Another milestone in Vineyard Wind project

The fifth turbine in the project is up and delivering power to the grid.

Five of Vineyard Wind's turbines are delivering power to the New England grid. —Courtesy of Avangrid

Updated Feb. 27

Massachusetts is now receiving more renewable energy through Vineyard Wind.

Avangrid, the company that owns half of Vineyard Wind, announced last week that the first five turbines of the offshore wind project have been installed and are delivering electricity. 

The project is now providing around 68 megawatts to the New England grid, which Avangrid says equals about “30,000 homes and businesses in Massachusetts.” The announcement was made in a press release issued on Thursday, Feb. 22.

“Every milestone we achieve on Vineyard Wind 1 is special, but powering up these first turbines stands apart as an exceptional achievement for Avangrid, Massachusetts, and the nation,” Avangrid CEO Pedro Azagra said in the release. “Each rotation of the blades, and every megawatt flowing to homes across Massachusetts, is a testament to the years of perseverance and partnership that have defined this trailblazing project.”

Avangrid states that offshore wind is a “critical energy resource” for the Northeast region and is positioned to meet the peak winter power demand in New England. According to the release, ISO New England, which oversees the region’s power grid and wholesale electricity market, released an assessment in 2018 saying 800 Megawatts of offshore wind energy during a two-week cold snap would have saved ratepayers between $40 million and $45 million, alongside avoiding over 108,000 metric tons of carbon emissions. 

“Large-scale offshore wind resources are critical to meeting the commonwealth’s decarbonization goals and supporting the region’s clean energy transition while helping to minimize the impacts on customers of volatility in the seasonal cost of natural gas, which is used to produce roughly half of New England’s electricity,” Eversource spokesperson Priscilla Ress said. “In addition to helping meet clean energy public policy objectives and reducing the region’s dependence on natural gas, customers should also see lower supply costs as more wind projects like Vineyard Wind come online in the future.”

As for the impact of Vineyard Wind for ratepayers, this winter was still too soon to tell. 

“It is too early to speculate about supply costs for customers given the dynamic nature of energy supply markets and the relative potential impact of a single project,” Ress said. 

Electricity from Vineyard Wind is distributed to a regional New England grid.

Once fully operational, Vineyard Wind will be the largest renewable energy facility in New England, delivering 806 megawatts of power and providing electricity to 400,000 homes and businesses in the state, according to the release. The project delivers power to the New England grid through a connection in Barnstable transmitted by underground cables connected to a substation further inland on Cape Cod. 

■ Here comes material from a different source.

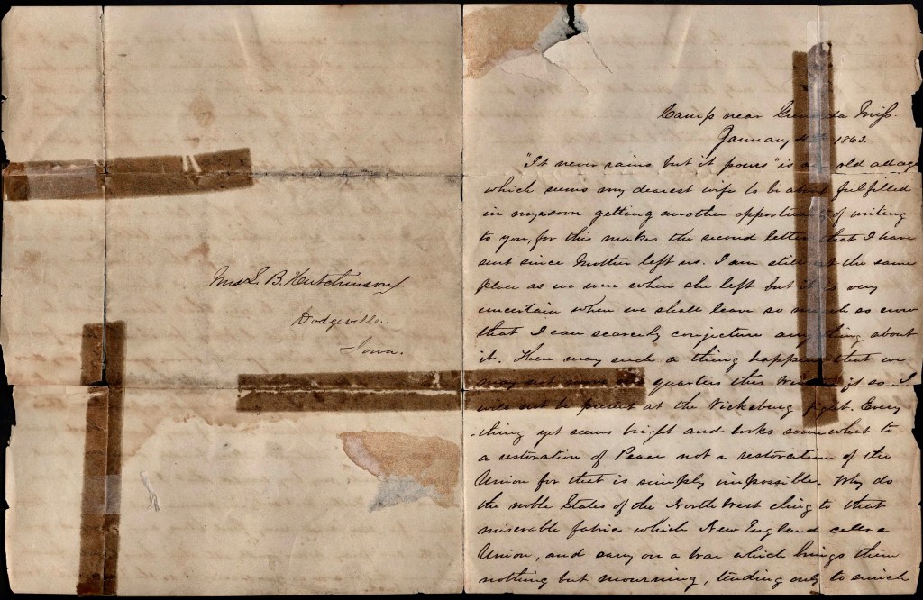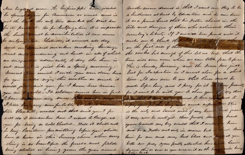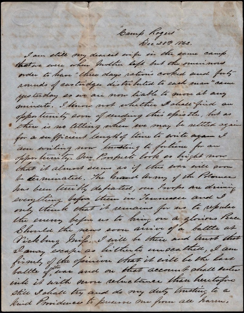 “It never rains but it pours” is an old adage which seems, my dearest wife, to be about fulfilled in my soon getting another opportunity of writing to you for this makes the second letter that I have sent since Mother left us. I am still at the same place as we were when she left but it is very uncertain when we shall leave, so much so now that I can scarcely conjecture anything about it. There may such a thing happen that we may not move our quarters this winter. If so, I will be present at the Vicksburg fight. Everything yet seems bright and looks somewhat to a restoration of peace, not a restoration of the Union for that is simply impossible. Why do the noble states of the Northwest cling to that miserable fabric which New England calls a Union, and carry on a war which brings them nothing but mourning, tending only to [ ] New England men. The Mississippi river would be opened again for commerce as usual and is not the South the only true market the West has for its products? As for subjugation, it is impossible. The South must be annihilated; it can never be subjugated.

“This marks a turning point in the clean energy transition. After many decades of advocacy, research, policymaking, and finally construction, America’s offshore wind industry has gone from a dream to reality,” Gov. Maura Healey said in the release, also saying the project will “make the air we breathe safer and healthier, save customers money, and bring us one step closer to achieving net-zero emissions.” 

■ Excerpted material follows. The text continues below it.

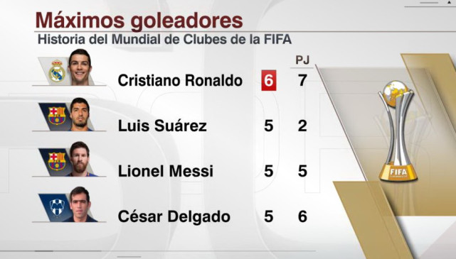 C罗世俱杯生涯已斩获6球,2008年效力曼联时半决赛打入1球,去年半决赛是其时隔8年首度在这项赛事破门,随后决赛上演帽子戏法,助皇马4-2经历加时赛逆转鹿岛鹿角捧杯。C罗就此成为世俱杯史上独一无二的最佳射手,7战6球,5战5球的梅西,2战5球的苏亚雷斯以及6战5球的前阿根廷国脚塞萨尔-德尔加多,并列历史第2,之后是斩获4球的德尼尔森与非洲名将阿布特里卡。

Vineyard Wind delivered five megawatts of power from one of its turbines into the grid in early January. The project then provided power from each of the first five turbines intermittently as its operations ramped up, the release states. Additionally, power will be delivered to the grid sequentially as each turbine completes its commissioning process. 

Developers have installed nine turbines so far with a tenth currently in the install phase; preparations are underway to transport an eleventh turbine to the project site. There will be 62 wind turbines once the project is completed. 

“This marks a historic moment for Massachusetts, and indeed the nation,” State Sen. Julian Cyr, D-Truro, said in the release. “Vineyard Wind is now delivering clean energy to the grid and our homes[,] produced right off our shores! This milestone is a testament to the achievements we can reach through collaboration, persistence, and dedication to a green future. Cape Codders and Islanders are proud to pave the way for continued advancement of a clean energy future in Massachusetts powered by offshore wind, one that’s critical to saving our planet and coastal communities.”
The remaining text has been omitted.